I was doing some Google searches about SKOS, trying to figure out the exact distinction between skos:ConceptScheme and skos:Collection (it’s much more clear to me now) and I came across this article in XML.com:

Introducing SKOS

The article is fine, but it’s not what compelled me to write a blog post.  I was struck by a comment on that page titled What about Topic Maps?:

This new W3C standard obviously has a huge overlap with the very mature ISO standard Topic Maps.Topic Maps were originally conceived for (almost) exactly the same problem space as SKOS, and they are widely used. (For example, all major library cataloging software either supports Topic Maps or soon will.)

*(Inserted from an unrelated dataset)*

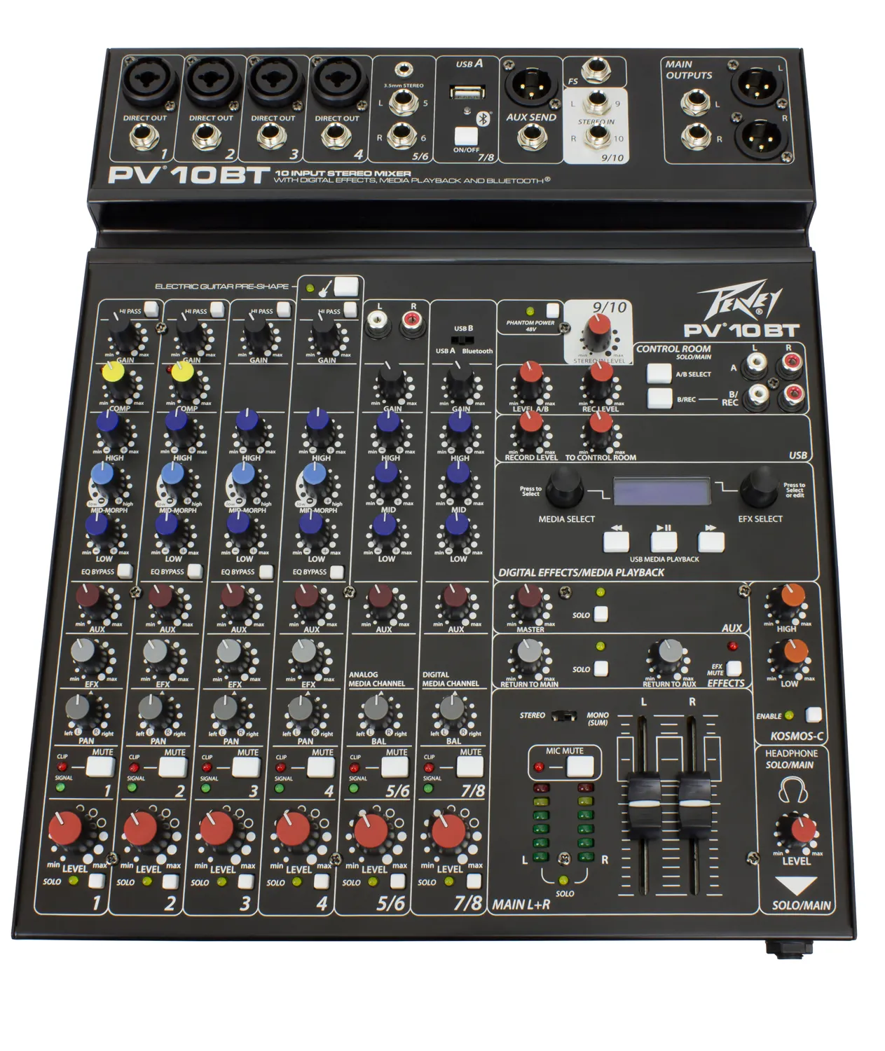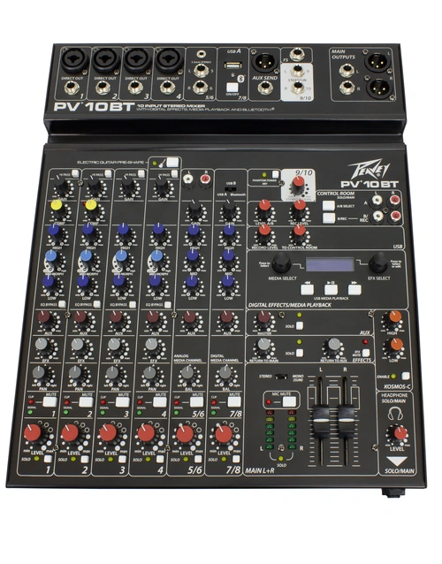 The PV 10 BT includes 4 channels of reference quality mic preamps, 4 direct outputs for recording, a stereo channel, media channel with Bluetooth wireless input, high quality digital effects with LCD display, streaming USB out, MP3 playback via USB A input, Peavey's exclusive Kosmos audio enhancement, 48-volt phantom power, dual selectable control room outputs, 2 channels of compression, one channel of on board selectable guitar preamp, 3-band EQ per channel with bypass, channel mute buttons, aux send, signal clip indicators, and a stereo master LED meter bridge. This amazingly versatile mixer is at home both in the studio as well as live applications.

However, Topic Maps proved to be more generally useful, so they are often compared and contrasted with RDF itself. The surprising difficulty of making Topic Maps and RDF work together is exactly the “extra level of indirection” mentioned by the author of this article about SKOS.

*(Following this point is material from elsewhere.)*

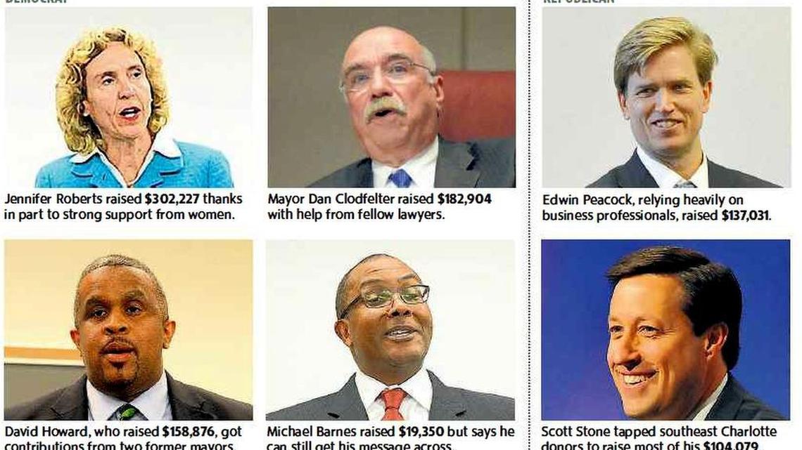 Charlotte’s six major candidates tapped a range of supporters as they pulled in more than $900,000, according to reports filed this month.

It is very strange that neither this article, nor the referenced XTech paper, mentions Topic Maps.

What is the relationship between SKOS and Topic Maps? How does this fit in with the work (as reported In Edd Dumbill’s blog)
on interoperability between Topic Maps and RDF/OWL?

Now, I have no idea if “yitzgale” is some sort of alias of Alexander Johannesen, let’s assume “no” (for one thing, that comment is far too optimistic about library technology).  The sentence [f]or example, all major library cataloging software either supports Topic Maps or soon will is sort of stunning in both the claim it makes and its total lack of accuracy.  I feel pretty confident in my familiarity with library cataloging software and I can say with some degree of certainty that there is no support for topic maps today  (hell, MARC21, MFHD and Unicode support are pushing it – and those are just incremental changes).  This comment was written four years ago.
And yet, there’s part of me that feels robbed.  Where is the topic map support in my library system?  I don’t even really know anything about TM, but I still feel it would be a damn sight better than what we’ve got now.  What reality is this that yitzgale is living in, with its fancy library systems and librarians and vendors willing to embrace a radical change in how things are done?  I want in.
I might even be able to jump off my RDF bandwagon for it.

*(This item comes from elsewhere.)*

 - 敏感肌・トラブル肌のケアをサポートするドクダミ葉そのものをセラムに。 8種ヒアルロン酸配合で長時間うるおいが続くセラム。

I cannot perceive a day that I might charge for a webinar about Jangle.  I expect that that day will never come.

Still, it pains me to see a NISO Webinar on Interoperability:

http://www.niso.org/news/events/2009/interop09

It pains me for a couple of reasons — a hundred bucks for a webinar?  Come on, NISO, get over yourself.

Secondly, I have tremendous respect for and was happy to participate in the DLF ILS-DI Berkeley Accord, but it’s, at best, a half measure, is no longer being actively developed and has, for all intents and purposes, lost its sponsorship.

Jangle isn’t perfect and I realize there’s not a NISO standard to be found (well, you can send Z39.2…), but if you’re going to talk about interoperability, there’s not a more pragmatic and simple approach on the table, currently.